You mentioned particularly the digitization of the General Index to Pension Files (NARA microfilm publication T288) and of the 1860 Census (NARA microfilm publication M653). Both of these microfilm publications were purchased and digitized by Ancestry before NARA had a digitization agreement with them. Consequently NARA was not involved in the creation of the digital copies of these records or in the quality assurance work for these publications. We agree that more than one percent of T288 is not available on Ancestry and have asked Ancestry to update its advisory notice. We will also ask Ancestry about the indexing of the 1860 Census.

We understand completely the importance of indexes to online research and will continue to work with our staff, our volunteers, and our partners to emphasize accuracy and completeness of data associated with digitized records.

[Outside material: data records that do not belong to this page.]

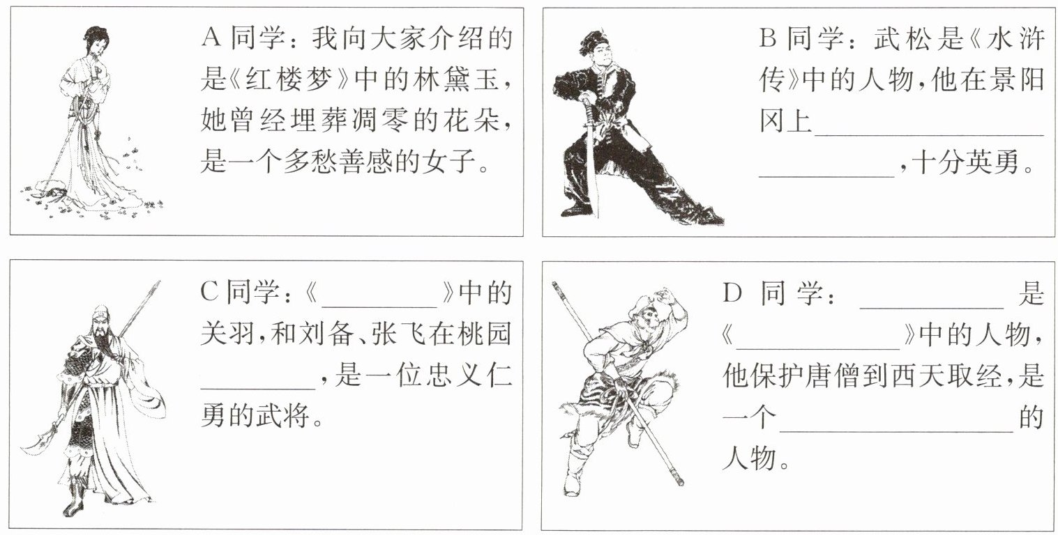 ||C同学:《 》中的关羽,和刘备、张飞在桃园 ,是一位忠义仁勇的武将。||D同学: 是《 》中的人物,他保护唐僧到西天取经,是一个 的人物。|
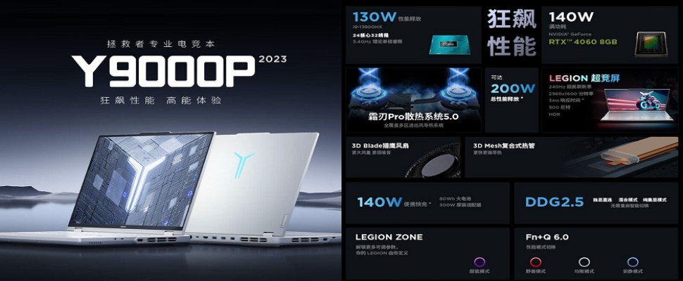 联想 拯救者Y9000P (13代i9-13900HX 16G 1T RTX4060显卡 )灰
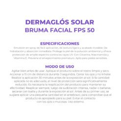 El Protector Solar Facial Dermaglós FPS 50 en Bruma Spray ofrece una protección avanzada de amplio espectro contra los rayos UVA y UVB, con una fórmula liviana, matificante y de rápida absorción. Enriquecido con glicerina, niacinamida y vitamina E, hidrata sin dejar sensación oleosa, ayuda a prevenir manchas, arrugas y el envejecimiento prematuro, y es ideal para uso diario en pieles sensibles. Con textura invisible y aplicación práctica en spray, este protector es hipoalergénico, no comedogénico, dermatológica y oftalmológicamente testeado, libre de TACC, no testeado en animales y respetuoso con los océanos.
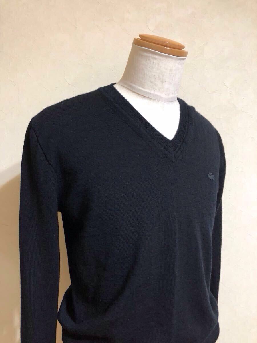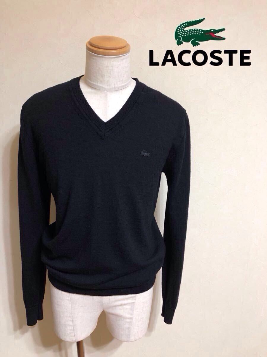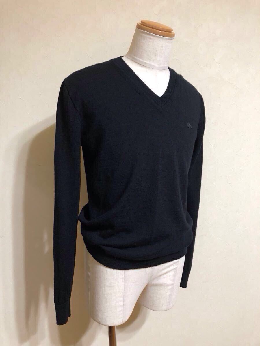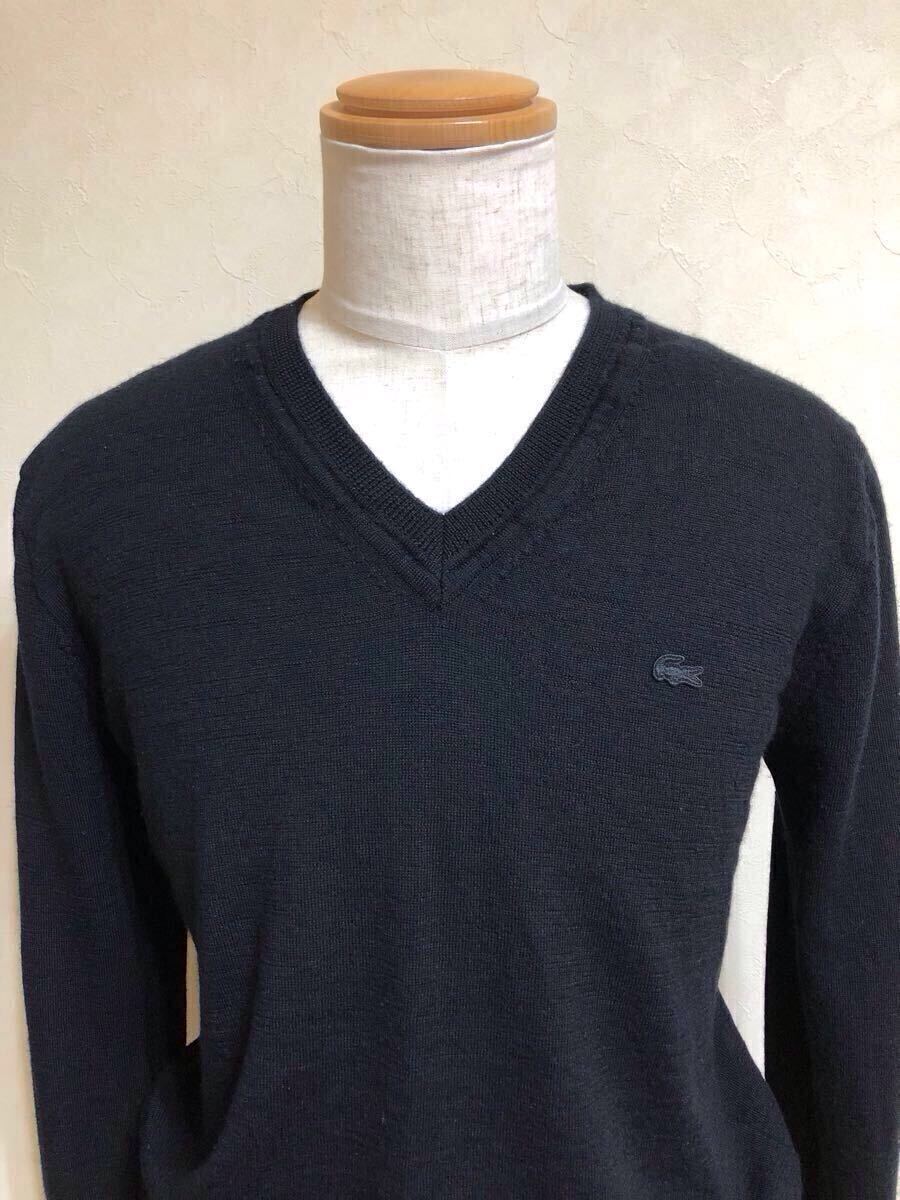 LACOSTE ラコステ Vネック ウール セーター トップス 黒ワニ サイズ5 長袖 黒 日本製 AH987EL 毛100%

Astrid Willis June 15, 2010 at 2:01 pm

Thank you for NARA & Peggy Reeves on May 15th, 2010 for adding the exact conserns that I have re records on NARA & Ancestry.com. I am researching my husbands family on his Mother & Fathers side for our 6 children & our coming along grand children & GGG kids. I am fortunate to have my in-laws family names down apprx. 1860 & 1870. But i am stumbling along after that, do to various types of spelling their names & also incomplete records. How would you like to have your Mom born in 1832 & listed as Indian Native from Alabama? On some census’ the same person are listed as Mulatto other places as Black.

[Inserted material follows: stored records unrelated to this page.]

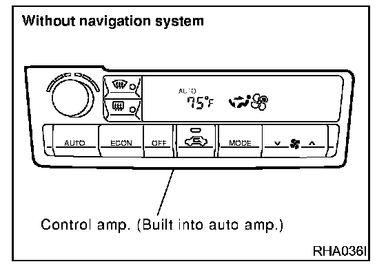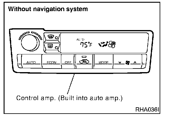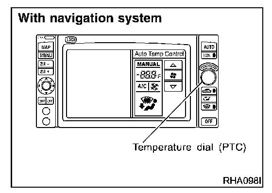 The PTC is built into the A/C auto amp. or Display and NAVI control unit. It can be set at an interval of 0.5 °C (1.0 °F) in the 18 °C (60 °F) to 32 °C (90 °F) temperature range by pushing the temperature button. The set temperature is digitally displayed.
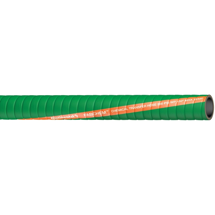 Continental Fabchem® Chemical Transfer Hose, Nominal Size: 4 in, 4.67 in OD, 4 in ID, 100 ft Length, 200 psi, Pliosyn™ Polyethylene, EPDM Cover, Construction: Spiral-Plied Synthetic Fabric with Double Wire Helix, Green, 10 in Bend Radius, -40 deg F Low, 212 deg F High
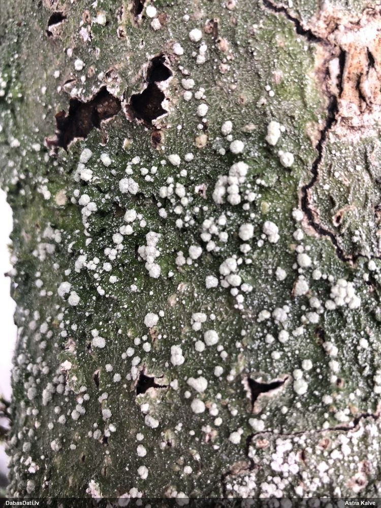 Raivo, nebūs Chaenotheca furfuracea, bet gan C.brachypoda (dabisku mežu indikatorsuga). C.furfuracea ir ar izteiktu laponi, daudz lielāki aķ un košāk zaļa krāsa
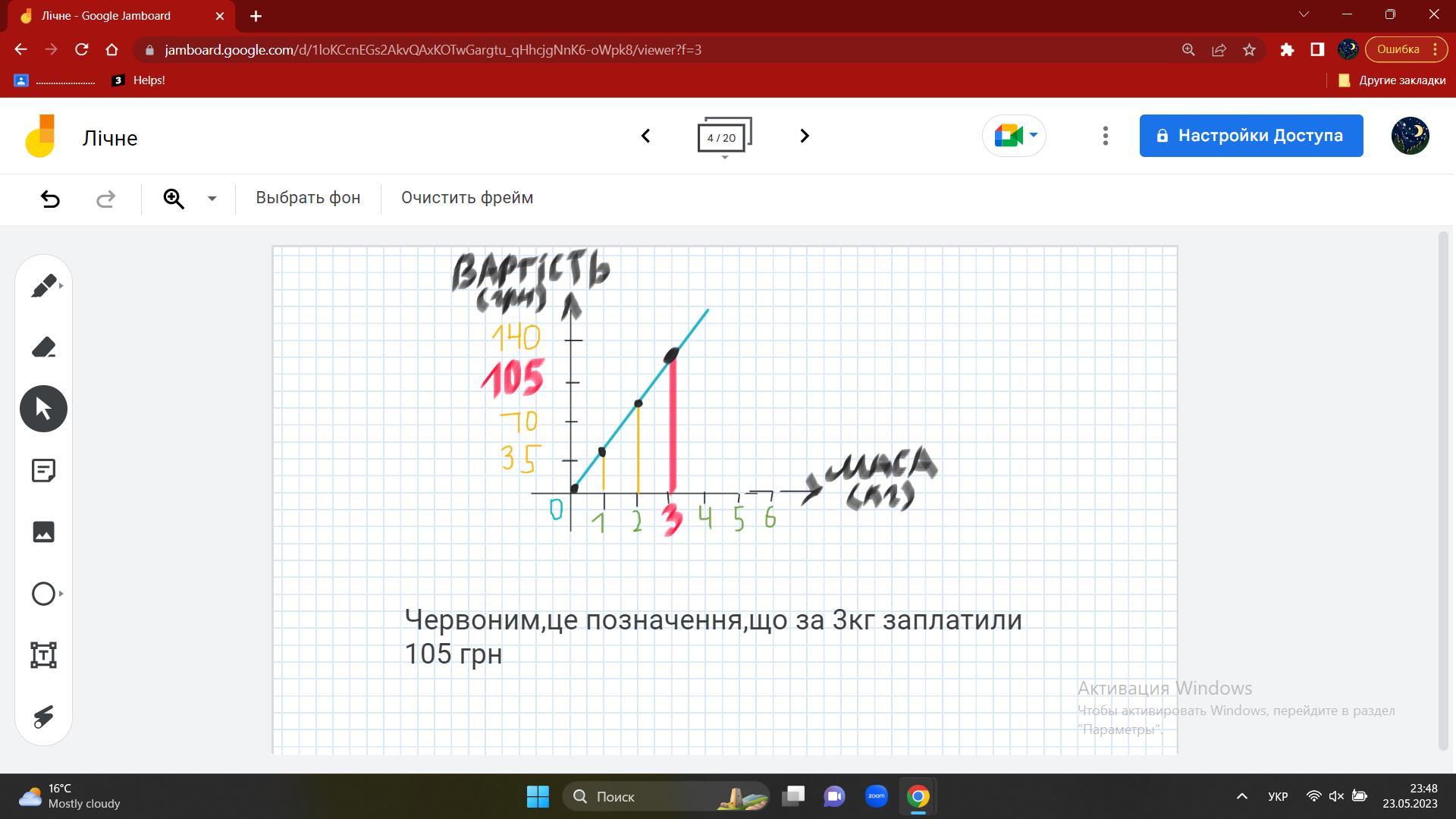 Точка стоїть навпроти 105(грн)і також поєднує з числом 3(кг).

I would like to recommend that a law be passed that all records concerning people descending from Native American Indians & African Americans be free of charge to family researches. As it is now the stumbling blocks are numerous, but I refuse to give up.

I am fortunate to have the records for my side of the family, since in Norway all Genological records can be researched free of charge. Thank you for allowing me to comment.

Rebecca June 16, 2010 at 7:35 am

Astrid – Thank you for sharing your research experiences. The National Archives has a number of resources available on our web site that may be helpful in your research on Native American and African American family history. You can also send research questions to our reference staff at inquire[at]nara.gov.

- Rebecca

Julia August 9, 2010 at 10:32 am

I am very happy to read about the NARA effort to reign in partner’s errors. While looking at passenger manifests for ships landing in San Francisco in 1956, I found quite a few manifest pages that were filed under the wrong ship on ancestry’s site. Since I was using my library’s ancestry membership, however, I couldn’t notify the company of these errors (needed to supply the library’s contact info, but only one librarian knows about the account & he wasn’t there – sigh). I also suspect that there are ships that aren’t included on ancestry for this time period (including the one I need) if the shipping news columns in the newspaper are an indication.

These are just a few of the enormous number of errors I’ve personally found on ancestry. It sounds like Commenter #1 has been lucky in her researches, but I suspect that my experience more closely matches those of others. It’s good to hear that help is on the way.

Peggy Reeves August 10, 2010 at 11:32 pm

It has now been nearly three months since Rebecca told us (in her posting directly above Astrid’s) that: “We agree that more than one percent of T288 is not available on Ancestry and have asked Ancestry to update its advisory notice.”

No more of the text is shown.